It was announced yesterday that the National Oil Corporation of Libya had lifted force majeure on the Es Sider oil facility. However, things have not returned to normal as production is still being prevented, as armed guards are stopping loadings. Libya’s production has dropped from a pre-civil war level of 1.6 million bpd to a mere 100,000. In a time of a crude glut this has been music to the ears of other producers, but with increasing prices and the potential for increase in Libyan production, they could be back again soon.

*Crude El Mexicano*

The US has increased it crude imports from Mexico to 8 year highs. Levels rose from 834,000 bpd to 1.3 million at the start of July, levels not seen since February 2002. Mexico had agreed to be part of the OPEC+ cuts, committing to 100,00 bbls, far less than the 25% from other members. Without these extra cuts they have had extra production to offload and that has found its way into the arms of American refiners.

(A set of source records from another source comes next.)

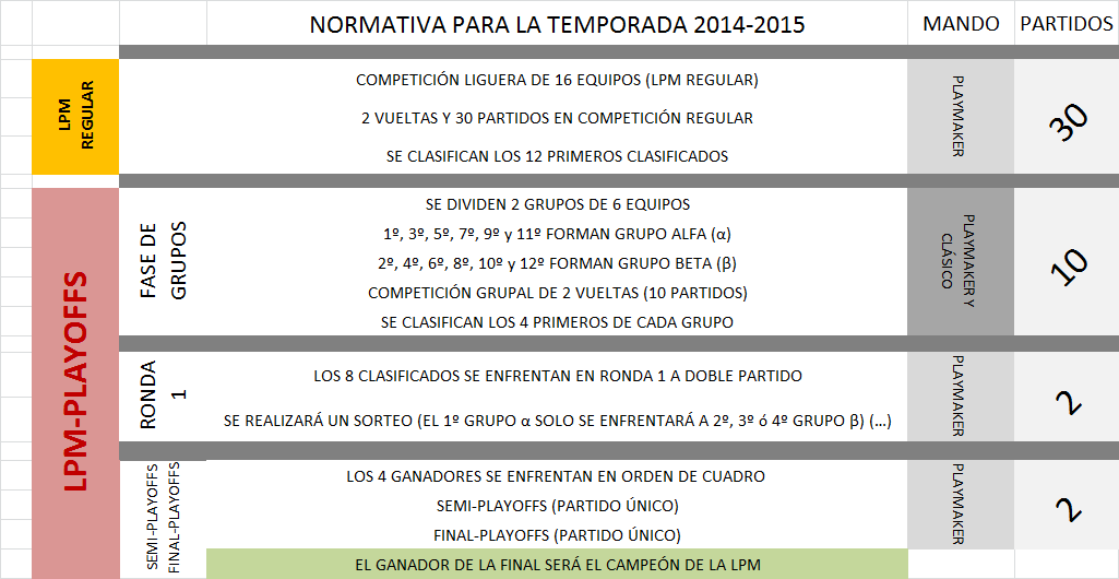 A partir de la temporada 2014/15 la LPM se divide en diversas fases: la LPM Regular, que consta de los 16 equipos que se enfrentan de manera directa hasta en 2 ocasiones, con un total de 30 partidos (esta fase se puede considerar como el posible primer título de la temporada, con permiso de La Supercopa que se disputa a mediados de agosto), los cuáles los 12 primeros clasificados pasan a los LPM-Playoffs o Playoffs de la LPM, donde se disputa una fase de grupos en dos agrupaciones entre éstos 12; a continuación, los 4 primeros de cada grupo se batirán mediante un SORTEO (Ronda 1), a partir de un sistema de combinaciones (el 1º del grupo A sólo se podrá enfrentar al 2º,3º o 4º del grupo B, y viceversa) a doble partido en un cuadro de fase final; los ganadores se enfrentarán según el cuadro (SEMI-PLAYOFFS) a partido único en un determinado estadio; los ganadores se batirán por el título final de LPM en ese mismo estadio (FINAL-PLAYOFFS) y se realizará la commemoración del Campeón de la LPM.
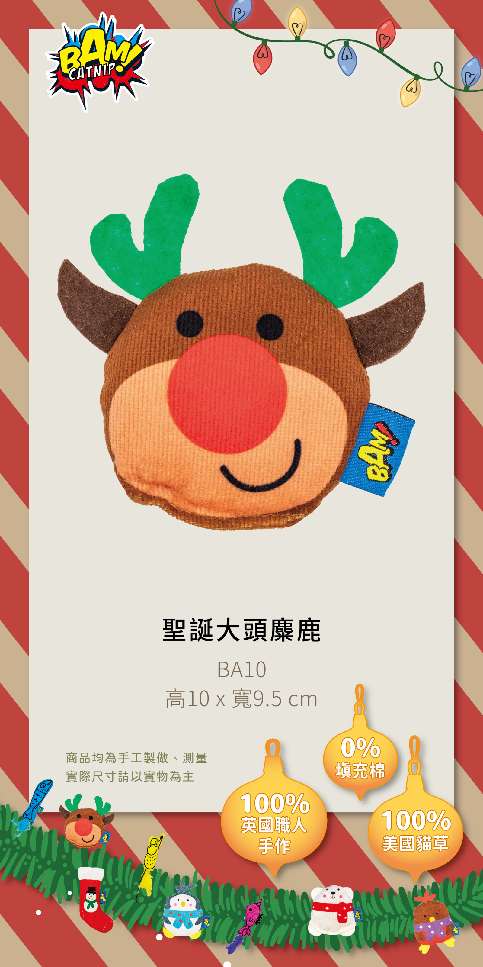 英國BAM! 特濃貓草玩具-聖誕大頭麋鹿
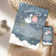 A baby shower invitation featuring a dark blue watercolor inspired background with white text surrounded by stars and illustrations of white clouds and a stork with pink bundle. Personalize with details of your occasion.
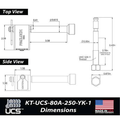 PACLOCK KT-UCS-80A-250-YK-1 Series Locking Hitch Pin Kit for 2", 2.5", 3" and Yakima Bike Racks

*Shandong Refiners at New Record Rate*

The independent refineries in Shandong province pushed up their run rates to 79% in June. This was over 1% higher than the previous month, as the area recovered from lockdown and huge imports of crude needed processing. We noted previously the queues of tankers awaiting discharge, something that has pushed up crude imports 7% from May.

*First Chinese Export Licence*

Zhejiang petroleum & Chemical Co has been granted China’s first private licence to export refined oil products. Exports will still be limited by a government quota, but it is a move towards a change in prospects whereby China could before a significant exporter of key refined products.